Week 9 assignment

1. Working with trees

  1. Draw a random tree with 23 taxa. Make it a radial (or “fan”) tree, with an edge width of 1.5. It must be any colour other than black. Tip: for naming the tree tips, check out the letters object that is built into R

  2. Extract the Proaves clade from the bird.orders dataset and plot it. Then, test whether ducks and geese (Anseriformes) and chickens and turkeys (Galliformes) are monophyletic. Hint: Find out which node that represents the last common ancestor of the Proaves.

2. Primates

In the tutorial, we worked with a subset (hominidae) of the primates data set. In this part of the assignment you will do the same analyses with the full data set.

  1. Using the full primates dataset, calculate the pairwise distance matrix using the most suitable sequence model. Then, construct both UPGMA and NJ trees and plot them.

  2. Root the NJ tree with Mouse as an outgroup. What is the parsimony of the rooted NJ tree and the UPGMA tree, and which is most parsimonous?

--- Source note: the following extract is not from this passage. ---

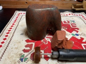 The next morning it’s time to ‘unwrap’ the newly dyed stummel. I use the description of unwrapping because one never knows for sure how the dye was received. The flamed crusted layer is ‘plowed’ off using a coarser felt buffing wheel along with the coarser Brown Tripoli compound. The speed of the rotary tool is about 40% full power.
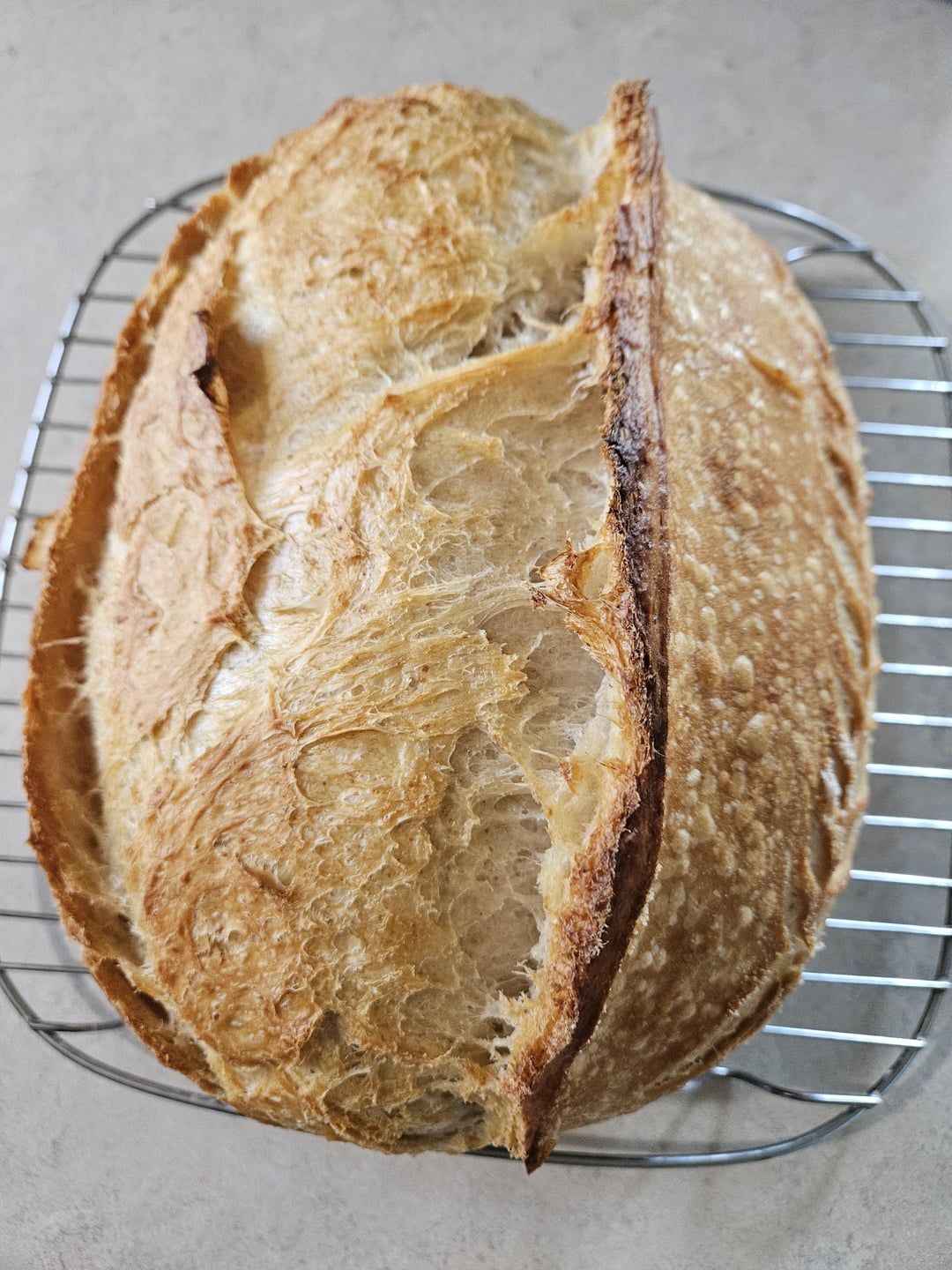 I almost lost hope because I thought she had overproofed.. but she’s beautiful!by kay-b808 1 Comment AutoModerator 12 months ago **Hello kay-b808,****FRIENDLY [RULE 5](https://www.reddit.com/r/Sourdough/wiki/sourdoughrules/) BOT HERE – GENERAL REMINDER**.**Sourdough Bake photos** are removed if **Rule 5** isn’t met (**include ingredients & process**). If yours is removed, we confirm by modmail.**Need help or feedback?** Be clear & specific, include a crumbshot. Read [ Rule 5 FAQ/TIPS & TRICKS](https://www.reddit.com/r/Sourdough/wiki/sourdoughrules/) 🙂 .***Still have questions? [Modmail us :-)](https://www.reddit.com/message/compose?to=/r/Sourdough). – #**[READING CRUMB GUIDE ](https://www.reddit.com/r/Sourdough/wiki/reading_crumb/)** [Wiki index](https://www.reddit.com/r/Sourdough/wiki/index/), & [FAQ Beginner starter guide](https://www.reddit.com/r/Sourdough/s/gnqFg7osBO)*I am a bot, and this action was performed automatically. Please [contact the moderators of this subreddit](/message/compose/?to=/r/Sourdough) if you have any questions or concerns.*Write A CommentYou must be logged in to post a comment.

  3. Look at the placement of Bovine in the rooted NJ tree. Is it what you would expect? What can explain this placement?

3. Village dogs PCA

  1. From the eigenvalues generated by our dogs_pca (i.e. the subset we worked with in the tutorial), how many principal components should we consider to account for approximately 10% of the variance?

For the rest of the assignment, we will be working with the PCA results and eigenvalues from the full village dogs data set. The PCA can be found here. The eigenvalues can be found here.

  1. Plot the PCA for the full village dogs data set, colouring the points by location.

  2. Which group is the most divergent? What other patterns can you see in the PCA?

To read in the eigenvalues, try using the scan() function. If you open the file, you can see that it’s just a plain text file with a single column of values, so read.table() could also work.

  1. What proportion of the variance do the first two principal components explain?